Material supplied.
════
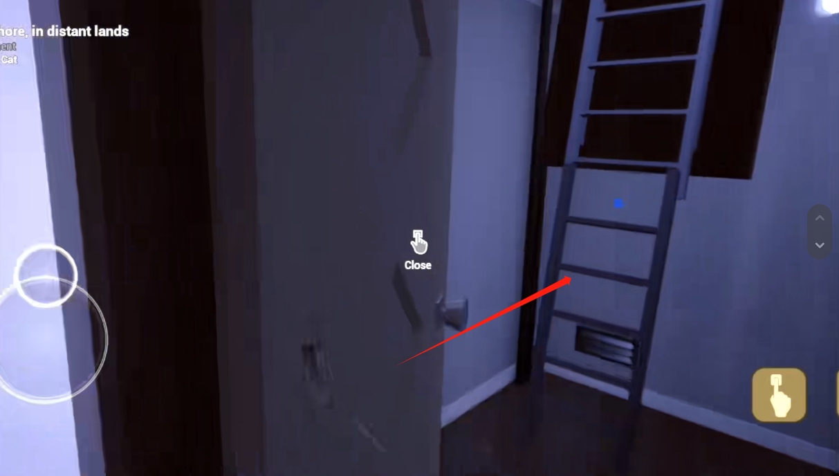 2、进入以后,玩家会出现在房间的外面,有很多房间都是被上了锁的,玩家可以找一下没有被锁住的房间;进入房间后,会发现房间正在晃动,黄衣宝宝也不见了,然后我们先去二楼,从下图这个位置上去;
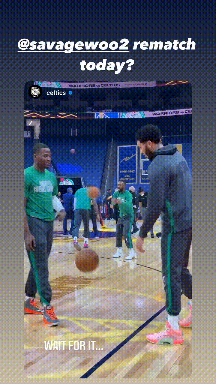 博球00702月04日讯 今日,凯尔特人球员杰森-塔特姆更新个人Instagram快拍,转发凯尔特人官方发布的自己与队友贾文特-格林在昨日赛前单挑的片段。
════
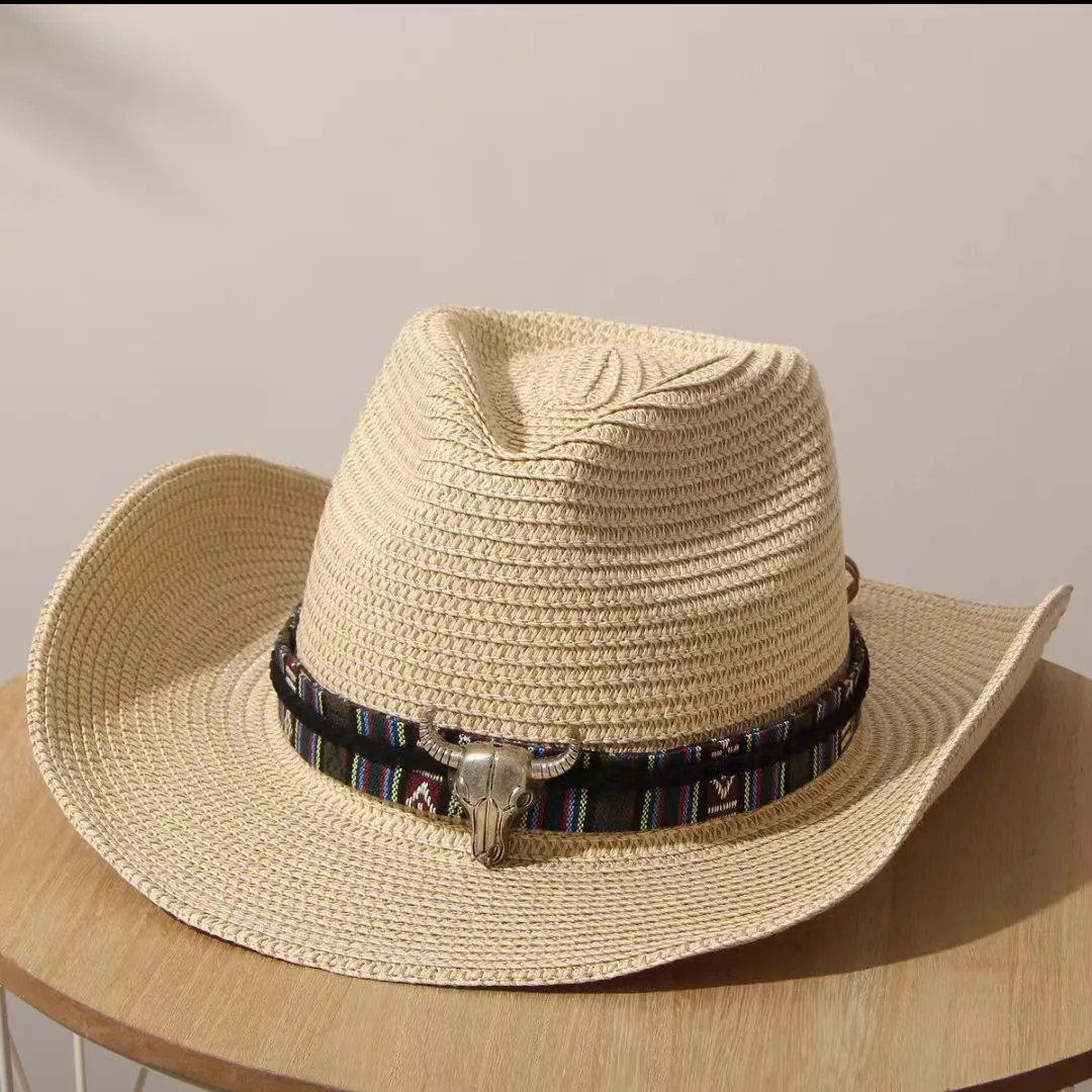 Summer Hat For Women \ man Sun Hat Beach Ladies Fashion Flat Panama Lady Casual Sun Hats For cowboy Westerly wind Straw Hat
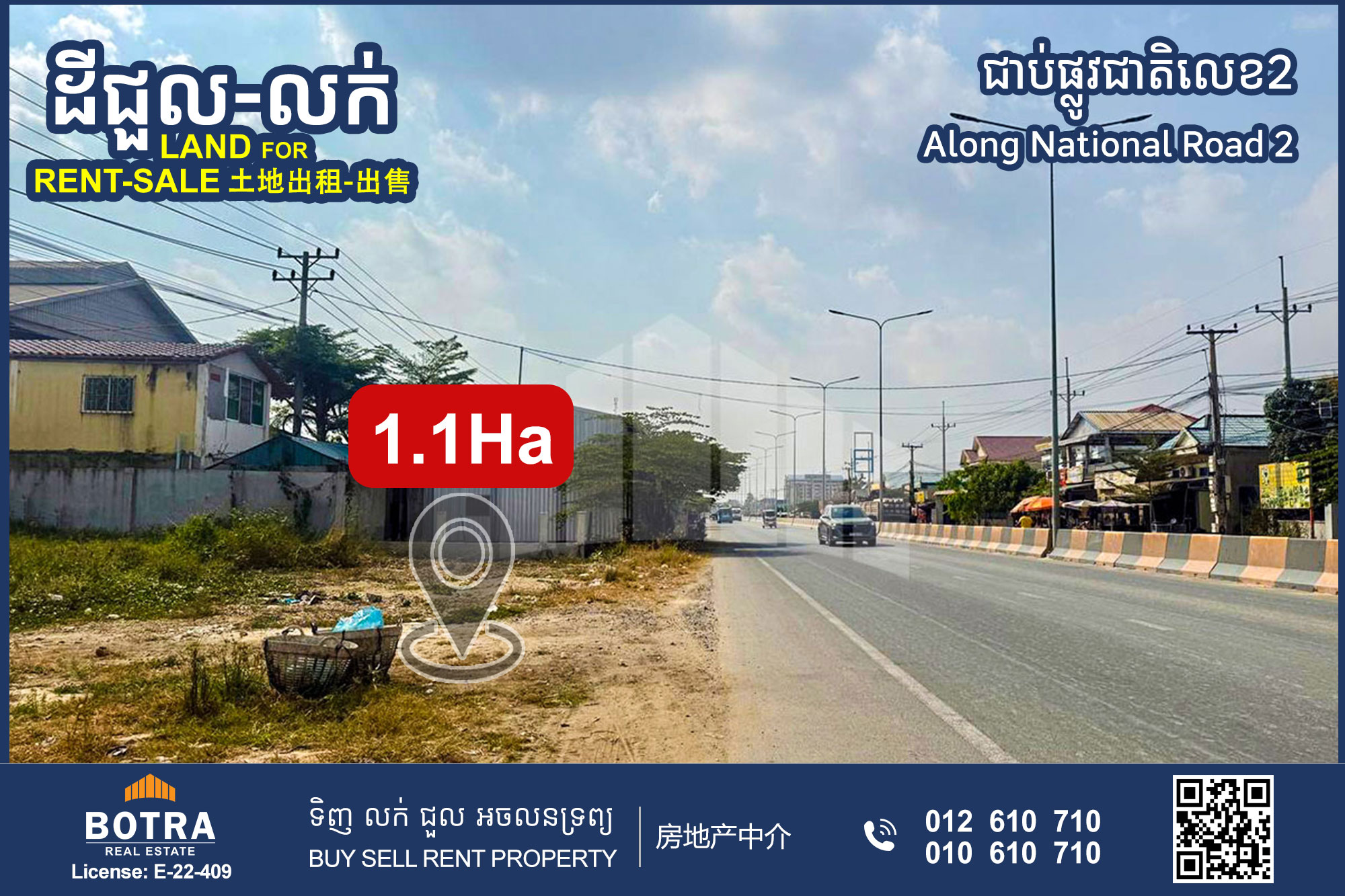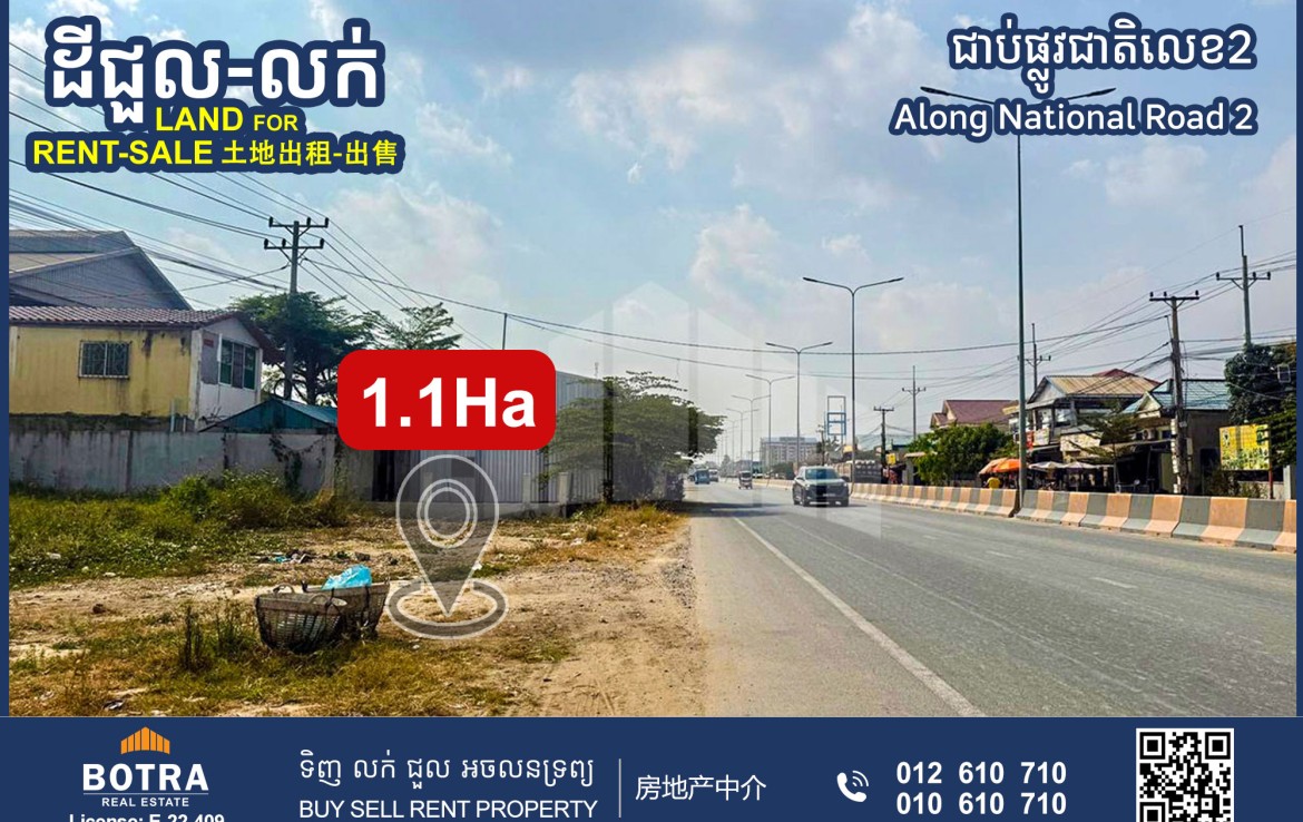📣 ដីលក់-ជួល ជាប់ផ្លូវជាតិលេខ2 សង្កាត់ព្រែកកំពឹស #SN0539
════
From the data above, return exactly the lines from the one with "2、进入以后,玩家会出现在房" up to and including the one with "博球00702月04日讯 今". Pictures do not go in the copy.

Answer to this exercise.
 2、进入以后,玩家会出现在房间的外面,有很多房间都是被上了锁的,玩家可以找一下没有被锁住的房间;进入房间后,会发现房间正在晃动,黄衣宝宝也不见了,然后我们先去二楼,从下图这个位置上去;
 博球00702月04日讯 今日,凯尔特人球员杰森-塔特姆更新个人Instagram快拍,转发凯尔特人官方发布的自己与队友贾文特-格林在昨日赛前单挑的片段。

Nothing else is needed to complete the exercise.